Dies Programm stand seit Ausbruch des Krieges hinter allen Maßregeln, die die
„Raja“ der christlichen Nationen als eine „Herde“ von Hörigen behandelten: die
allgemeine Entwaffnung der christlichen Bevölkerung, die Degradierung der
armenischen Soldaten, die mit der Waffe eingezogen worden waren, zu Lastträgern
und Straßenarbeitern, die Entlassung der armenischen Beamten und Ärzte aus dem
Verwaltungsdienst und den Kriegslazaretten usw. Dies pantürkische Programm stand
schon vor den Tagen von Wan hinter den Verschickungen und Massenverhaftungen in
Cilicien und im Wilajet Erzerum und diktierte den Vernichtungsfeldzug, den
türkische und kurdische Truppen im Winter 1914/15 in Nordpersien gegen die
friedliche syrische und armenische Bevölkerung von Urmia und Salmas führten. Dies
Programm rief die allgemeine Christenverfolgung in den Wilajets Diarbekr und
Mossul hervor, der unterschiedslos Jakobiten, Chaldäer, Nestorianer und Armenier
zum Opfer fielen.
Auch ohne den „Aufstand von Wan“ wäre dies Programm durchgeführt worden.
Denn schon dieser „Aufstand“ war ein Akt des Selbstschutzes gegen das drohende
Massaker, das an mehreren Orten gleichzeitig einsetzte, als Djevdet Bey durch den
Meuchelmord an den armenischen Führern das Signal dazu gab, in denselben Tagen,
in denen auch in Cilicien die Verschickung auf große Distrikte ausgedehnt wurde, die
außerhalb des Kriegsgebietes lagen.
Der „Aufstand von Wan“ gab nur einen weithin sichtbaren Vorwand her, um den
längst gefaßten Plan der Türkisierung und Islamisierung des Reiches der Außenwelt
gegenüber unter den Schein militärischer Notwendigkeiten zu verhüllen und im
Schoß des Komitees selbst jeden Widerstand gegen die radikalste Form seiner
Durchführung, die Vernichtung zunächst des armenischen Volkes, zu unterdrücken.
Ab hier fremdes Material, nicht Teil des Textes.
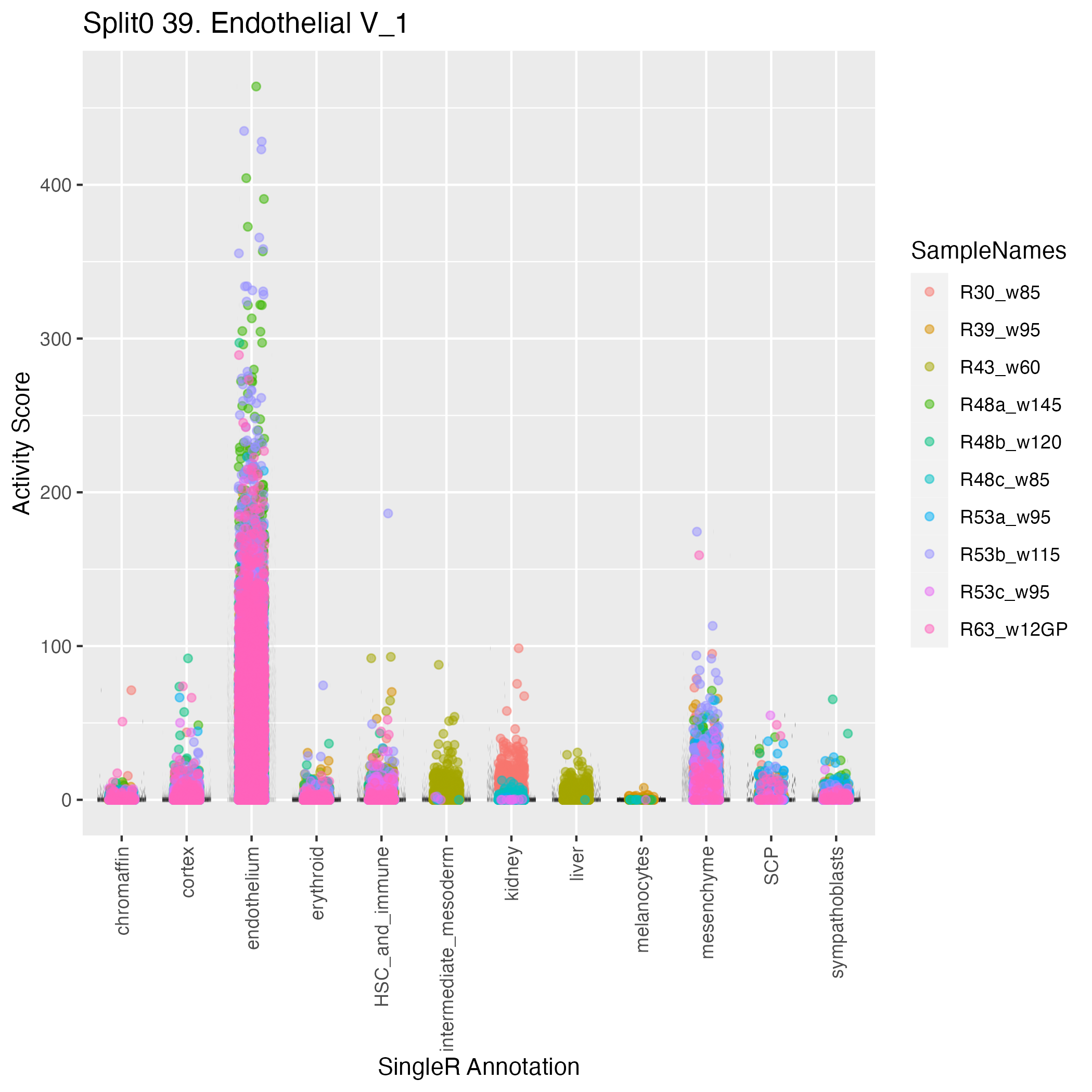 Endothelial subclusters 2-6 (Hanemaaijer) Marker genes obtained from Supplementary Table SD of Hanemaaijer et al (PMID 33500353). The authors generated single-cell RNA-seq data (sort-seq, 2,229 cells total) from mouse adrenal glads at E13.5, E14.5, E17.5, E18.5, P1 and P5. These were marker genes that matched with a similar dataset generated by Furlan et al (PMID 28684471). This particular set of markers are for Various endothelial subclusters of Endothelium clusters: Wilcoxon ranksum test P-value for gene set overrepresentation: 7.64e-01 Mean rank of genes in gene set: 14102.8 Rank on gene expression program of genes in gene set:

Von welcher Seite in Konstantinopel die entscheidende Wendung in der armenischen
Politik der Regierung herbeigeführt wurde, durch Enver Pascha oder Talaat Bey oder
durch einen Beschluß des jungtürkischen Komitees, darüber wird man erst Aufschluß
erlangen, wenn die Interna der jungtürkischen Regierung an den Tag gekommen sein
werden[6]. Es scheint, daß im Komitee selbst Gegensätze zwischen einer radikalen
und einer gemäßigteren Gruppe bestanden, die in der Zeit vom 24. April bis zum 27.
Mai zum Austrag gebracht wurden und mit dem Sieg der radikalen Gruppe endeten.
Das Ergebnis dieser Kämpfe war der Beschluß, der das Schicksal des armenischen
Volkes besiegelte: Die allgemeine Deportation.